Bug 158426 - grub won't setup to raid 1 members
grub won't setup to raid 1 members
Status: CLOSED RAWHIDE
Product: Fedora
Classification: Fedora
Component: grub (Show other bugs)
rawhide
All Linux
medium Severity medium
: ---
: ---
Assigned To: Peter Jones
Mike McLean
:
Depends On:
Blocks: FC5Blocker
  Show dependency treegraph
 
Reported: 2005-05-22 01:55 EDT by Alexandre Oliva
Modified: 2007-11-30 17:11 EST (History)
0 users

See Also:
Fixed In Version: grub-0.97-4
Doc Type: Bug Fix
Doc Text:
Story Points: ---
Clone Of:
Environment:
Last Closed: 2006-03-13 09:16:40 EST
Type: ---
Regression: ---
Mount Type: ---
Documentation: ---
CRM:
Verified Versions:
Category: ---
oVirt Team: ---
RHEL 7.3 requirements from Atomic Host:


Attachments (Terms of Use)
Patch that fixes the regression introduced by grub-0.97-nxstack.patch (1.82 KB, patch)
2006-03-09 09:39 EST, Alexandre Oliva
no flags Details | Diff

  None (edit)
Description Alexandre Oliva 2005-05-22 01:55:44 EDT
From Bugzilla Helper:
User-Agent: Mozilla/5.0 (X11; U; Linux x86_64; en-US; rv:1.7.8) Gecko/20050512 Fedora/1.0.4-2 Firefox/1.0.4

Description of problem:
Given a raid 1 /boot, grub refuses to install itself within the same session to more than one member of the same raid 1 device.  Consider:

md5 : active raid1 sdb5[1] sda5[2] hda5[0]

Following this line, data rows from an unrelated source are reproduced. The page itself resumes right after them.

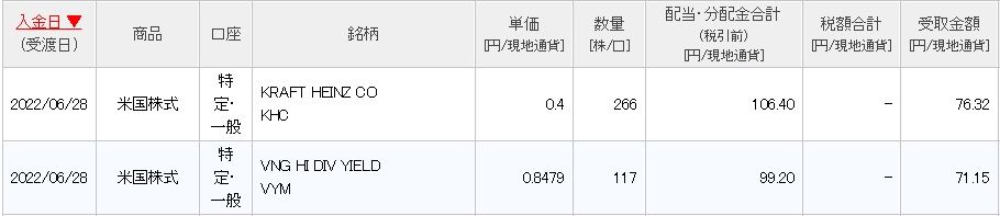 米加工食品のクラフト・ハインツ(KHC)から76.32ドル、バンガード高配当株式ETF(VYM)から71.15ドルです。合計147.47ドルですね。円安ですから、147ドルでも2万円近いになりますv( ̄∇ ̄)v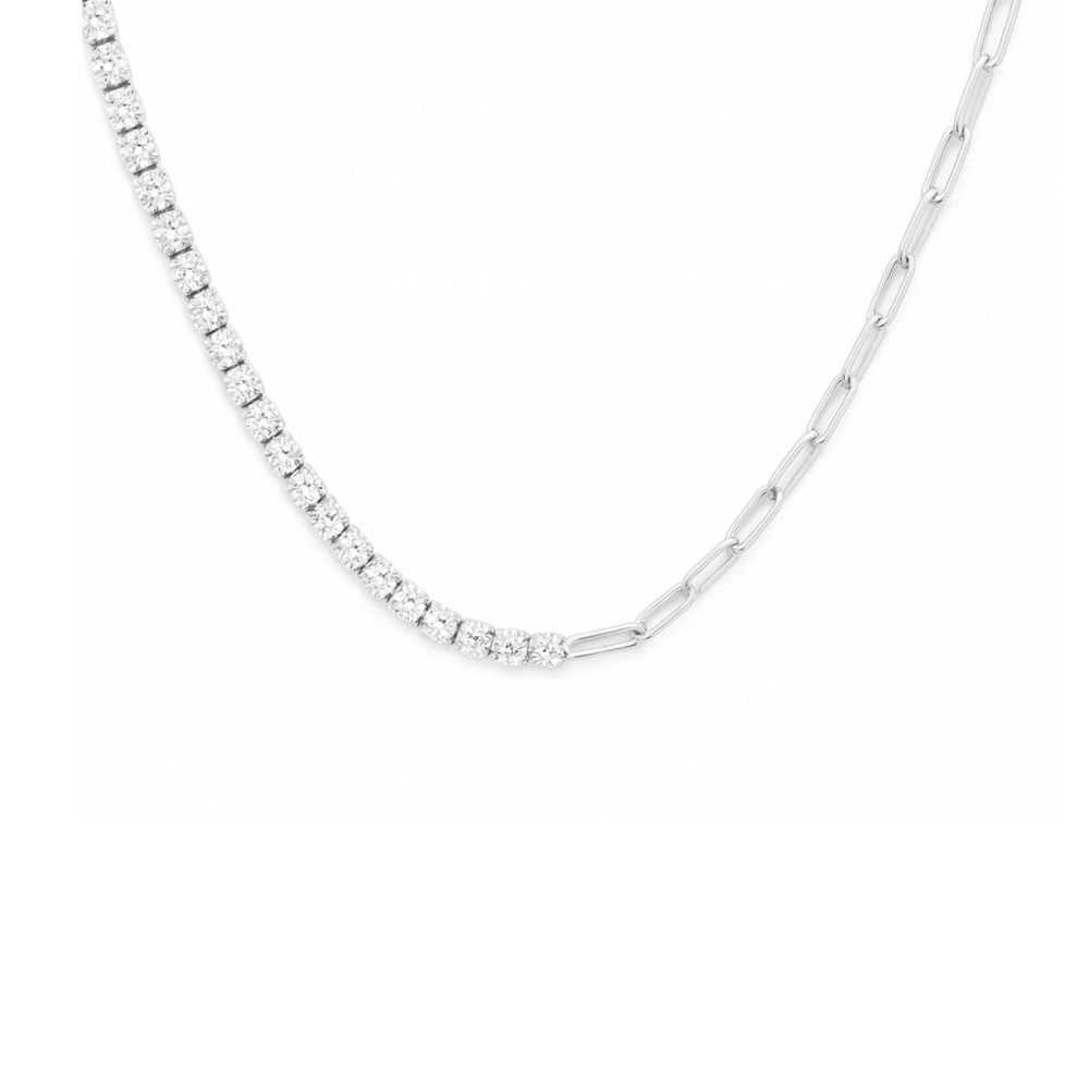 Colar Elos Clip e Pedra - Banhado em Prata 925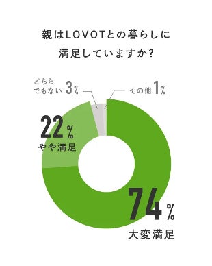 『LOVOT』と暮らしているオーナー様の約2割の親御さんも『LOVOT』 と暮らされていて、『LOVOT』の輪が広がっています。また親御さんの満足度は、「大変満足」「やや満足」の合計で96.2%と驚異的な満足度を誇ります。「本当に贈ってよかった」「笑顔が増えた」など多数の喜びの声をいただいています。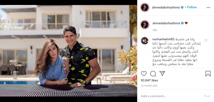 جاء هذا بعد يوم واحد من مشاركة النجمة ياسمين صبرى، أيضًا، صورة جديدة لها مع أحمد أبو هشمية، خلال قضاء عطلتهما الصيفية، عبر حسابها بموقع "إنستجرام"، واكتفت بالتعليق عليها بإيموجي قلب أحمر، وذلك كرد ضمنى على شائعات ترددت على مواقع التواصل الاجتماعى تفيد انفصالهما.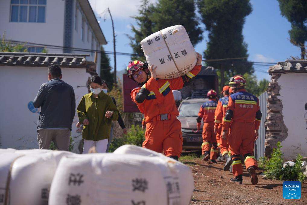 The quake was strongly felt in Eryuan County, Dali City and Heqing County, waking some residents. Local authorities in Eryuan County have promptly initiated an emergency response, with townships assessing the impact. (Photo by Luo Xincai/Xinhua)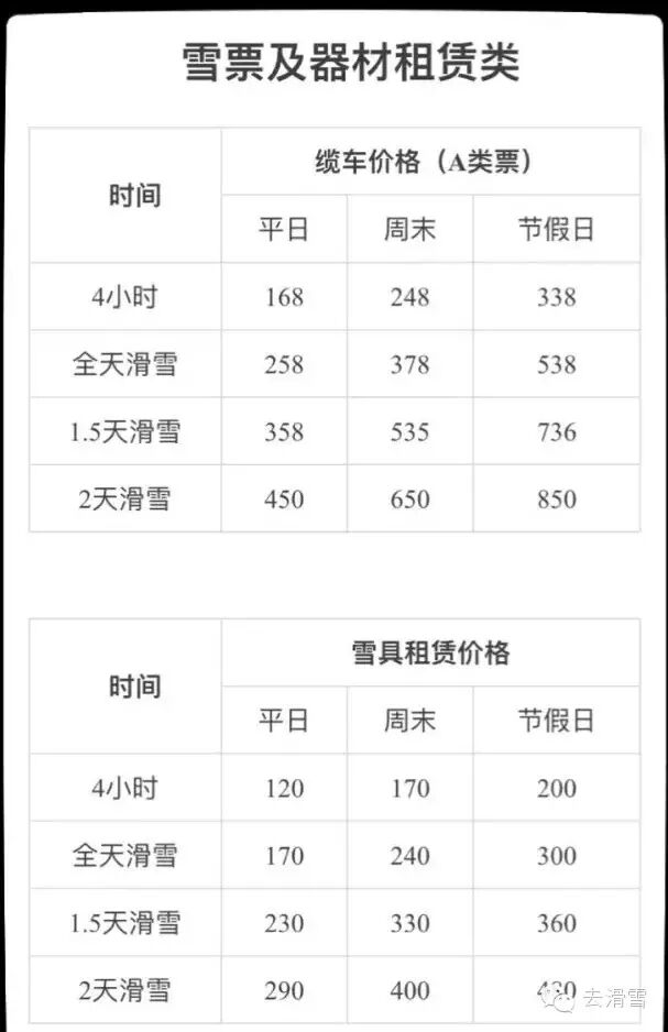 ➤Book one day in advance to enjoy discounted ski rates: 4 hours for 165 yuan on weekdays, or 185 yuan for the full day; and 255 yuan for 4 hours or 295 yuan for the entire day on weekends. Prices include admission tickets, insurance, a full set of ski equipment, and lift/tow rope usage fees.

hd0 maps to hda, hd1 to sda and hd2 to sdb.

# grub
root (hd0,5)
setup (hd0,5)
setup (hd1,5)
setup (hd2,5)

If I run the four commands above in the same grub session, the last two fail with errors such as:

 Running "install /grub/stage1 d (hd1,5) /grub/stage2 p /grub/grub.conf "... failed

Error 16: Inconsistent filesystem structure

If, however, I quit grub after every successful setup command, then no such error arises.

I don't see any errors returned by the syscalls issued by grub, with strace.  Is grub actually performing some legitimate test, and the buffer-flushing ioctls it issues before exiting manage to remove whatever inconsistency it would find there otherwise, or is it a bug that it finds an inconsistency?

FWIW, the problem happens not only when grub is started within Linux, but also when the commands are issued from the boot loader environment, so I suspect the latter.  Same problem if I use install directly, instead of setup.

Version-Release number of selected component (if applicable):


How reproducible:
Always

Steps to Reproduce:
1.Create two partitions in two disks, at the exact same positions
2.Create a raid 1 device out of them
3.Attempt to install grub on both of them, while the raid device is running

Actual Results:  Inconsistent filesystem detected for any device other than the first to have setup run on it.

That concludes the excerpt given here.